In the case of the ddtrace patch for typhoeus (ethon), individual requests (ethon.request) are children of a wrapper virtual span (ethon.multi.request). Ethon::Multi works as a multi-request aggregator, and ddtrace just applies trace patches to the aggregator.

So, to draw similar flamegraphs for async fiber HTTP requests, we might need to implement a wrapper, aggregator library for async http requests, which itself would be beyond the scope of ddtrace.

Screen Shot 2021-09-08 at 8 13 45

ioquatix commented 3 years ago

@mmizutani how do you get the vertical teal "prefix" on all the children requests?

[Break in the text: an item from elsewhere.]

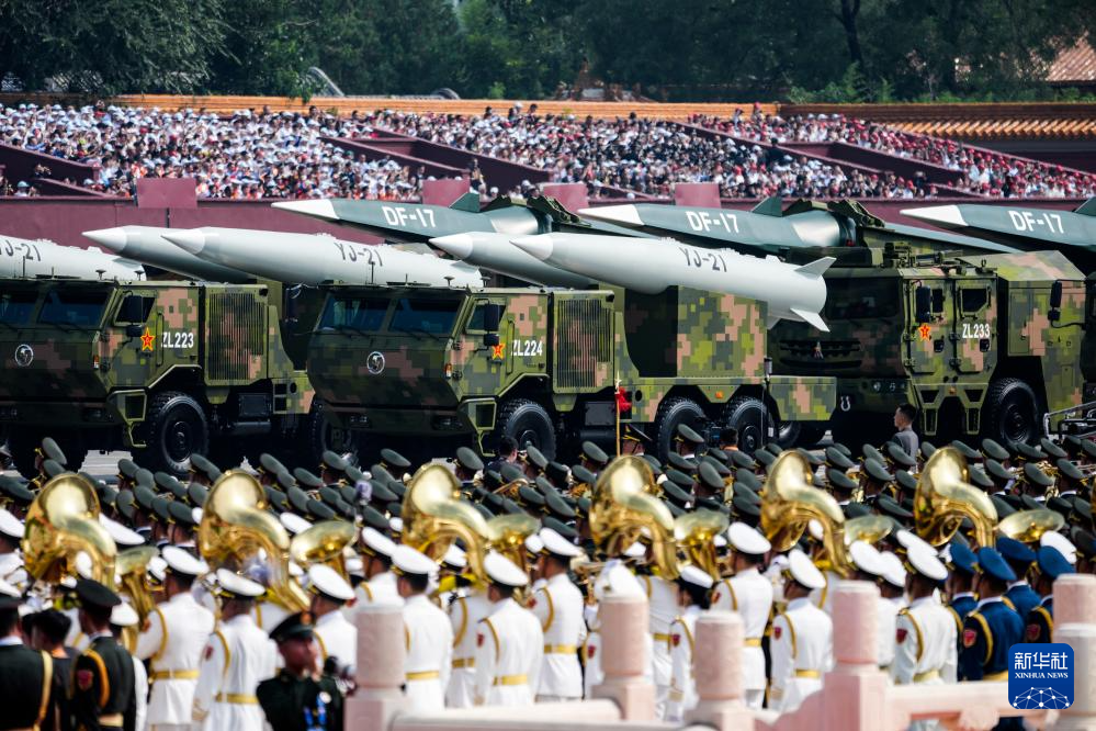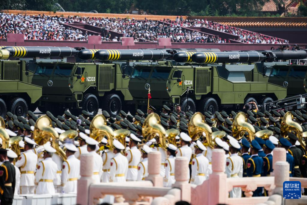 9月3日,紀念中國人民抗日戰爭暨世界反法西斯戰爭勝利80周年大會在北京隆重舉行。這是高超聲速導彈方隊接受檢閱。

Actually I did read through the ethon instrumentation code to try and understand how I could achieve similar traces.

Is it because of:

            @datadog_multi_span ||= datadog_configuration[:tracer].trace(
              Ext::SPAN_MULTI_REQUEST,                                   # THIS SPECIAL NAME?
              service: datadog_configuration[:service_name]
            )

From multi_patch.rb.

The other complex thing to consider here is that the life time of a thread of fiber can be bigger than an individual request in the flame graph i.e. thread pools, fiber pools, background fibers, etc. This could make visualisation a little bit tricky, but it should still try to capture the concurrent execution if possible.

ioquatix commented 2 years ago

I've made some progress on this as outlined here: https://github.com/DataDog/dd-trace-rb/issues/1136#issuecomment-945401624

I'm going to follow up again once I've confirmed this is working, at least in it's most basic form. We can check the current visualisation and go from there.